-- Problem requirements --
In the entries below, which lines run from the one with "BLACK+DECKER 4-Slice Toaster" through the one with "4.V.2013, опубликовано 14.V.2013."? Repeat exactly those, both included, and no pictures.

◆ ◆ ◆ ◆ ◆ ◆ ◆

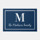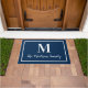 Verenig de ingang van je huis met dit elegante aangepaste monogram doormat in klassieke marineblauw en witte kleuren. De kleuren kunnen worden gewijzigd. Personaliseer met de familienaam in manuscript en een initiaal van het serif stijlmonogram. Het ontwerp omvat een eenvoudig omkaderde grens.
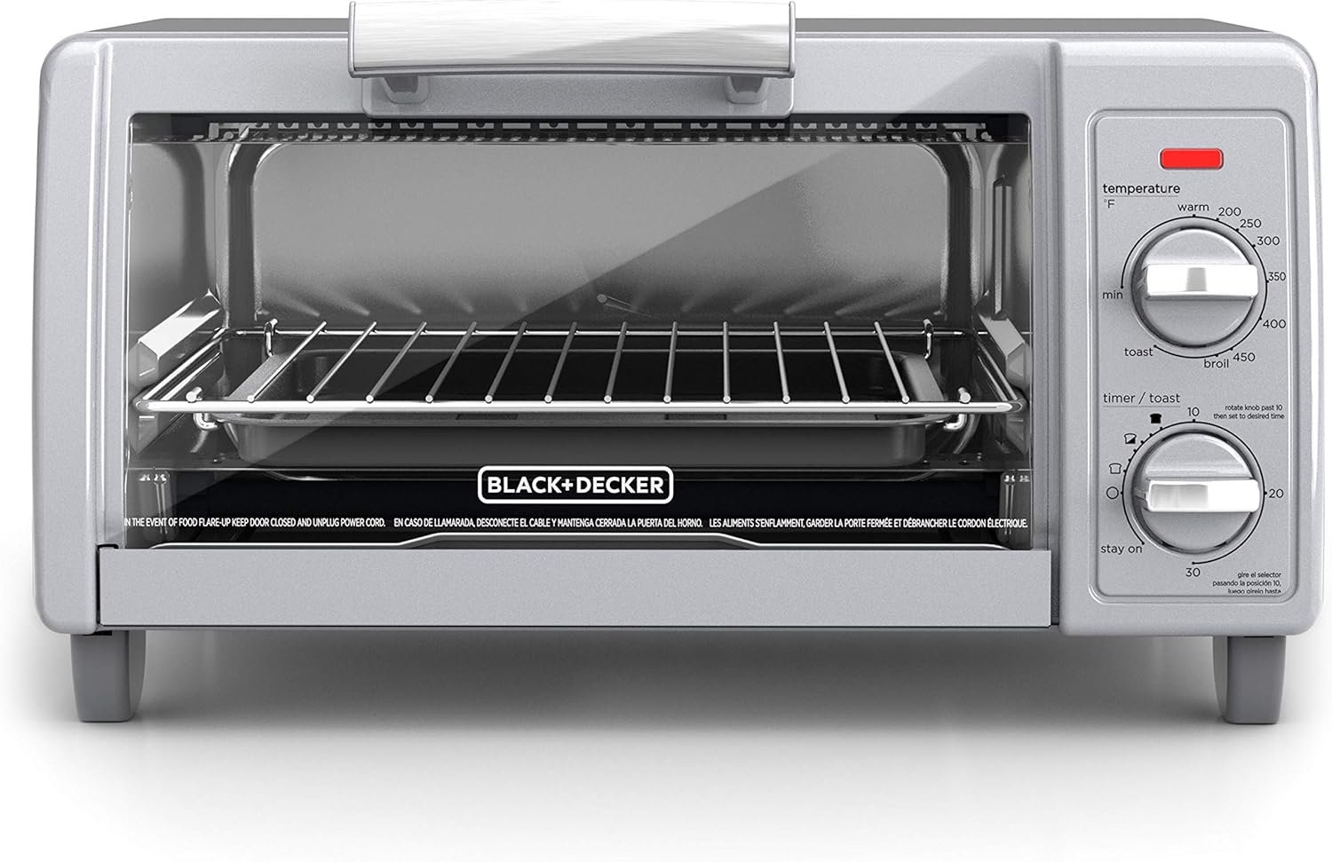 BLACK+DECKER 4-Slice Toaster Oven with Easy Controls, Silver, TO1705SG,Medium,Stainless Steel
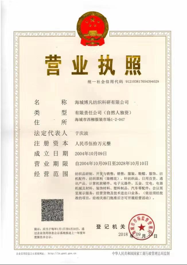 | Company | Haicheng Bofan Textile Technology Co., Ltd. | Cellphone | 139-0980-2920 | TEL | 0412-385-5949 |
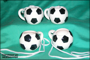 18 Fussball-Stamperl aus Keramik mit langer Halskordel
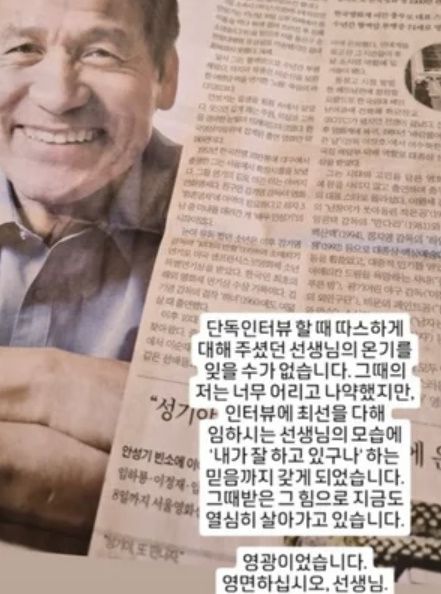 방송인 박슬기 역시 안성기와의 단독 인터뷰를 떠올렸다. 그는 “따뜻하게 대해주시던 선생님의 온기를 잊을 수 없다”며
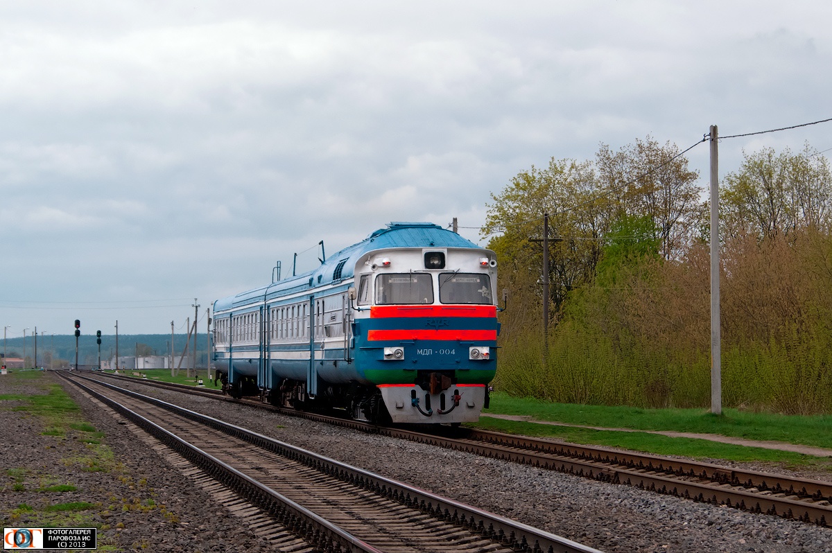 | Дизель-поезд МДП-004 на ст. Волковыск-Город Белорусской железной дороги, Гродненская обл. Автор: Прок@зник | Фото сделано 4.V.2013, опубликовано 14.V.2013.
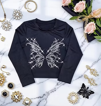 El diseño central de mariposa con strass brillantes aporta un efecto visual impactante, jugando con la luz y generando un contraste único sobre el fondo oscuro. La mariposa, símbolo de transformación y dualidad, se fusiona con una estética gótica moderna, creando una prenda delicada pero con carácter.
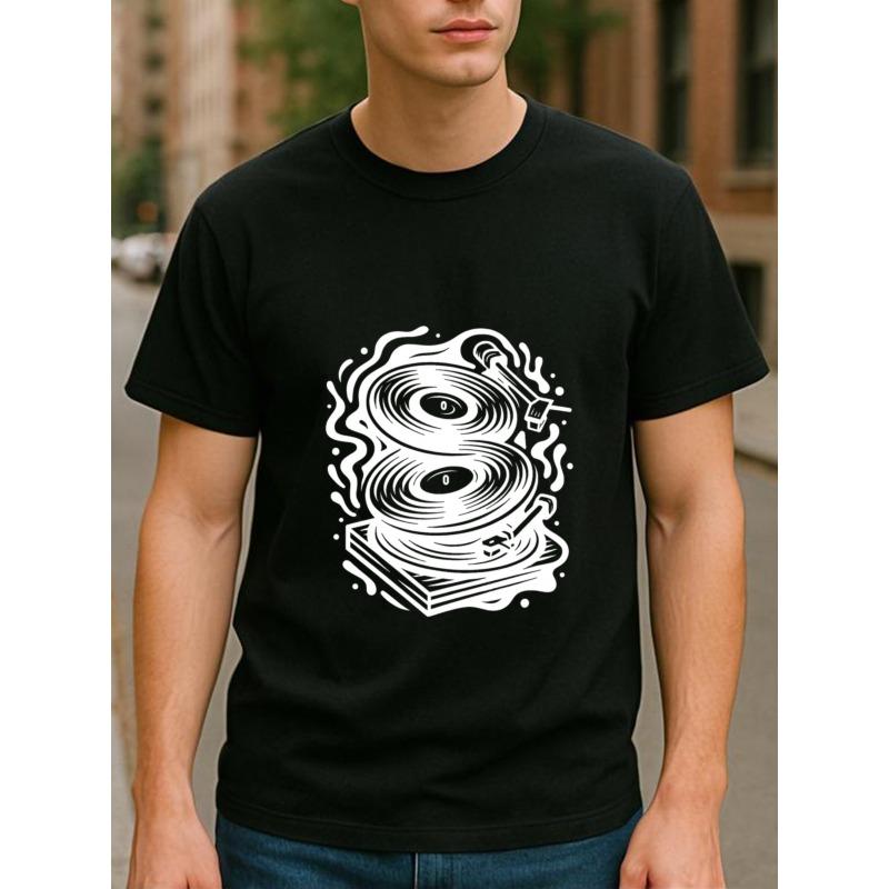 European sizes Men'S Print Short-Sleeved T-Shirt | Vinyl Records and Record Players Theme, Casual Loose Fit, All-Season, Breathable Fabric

◆ ◆ ◆ ◆ ◆ ◆ ◆

-- Exercise output --
 BLACK+DECKER 4-Slice Toaster Oven with Easy Controls, Silver, TO1705SG,Medium,Stainless Steel
 | Company | Haicheng Bofan Textile Technology Co., Ltd. | Cellphone | 139-0980-2920 | TEL | 0412-385-5949 |
 18 Fussball-Stamperl aus Keramik mit langer Halskordel
 방송인 박슬기 역시 안성기와의 단독 인터뷰를 떠올렸다. 그는 “따뜻하게 대해주시던 선생님의 온기를 잊을 수 없다”며
 | Дизель-поезд МДП-004 на ст. Волковыск-Город Белорусской железной дороги, Гродненская обл. Автор: Прок@зник | Фото сделано 4.V.2013, опубликовано 14.V.2013.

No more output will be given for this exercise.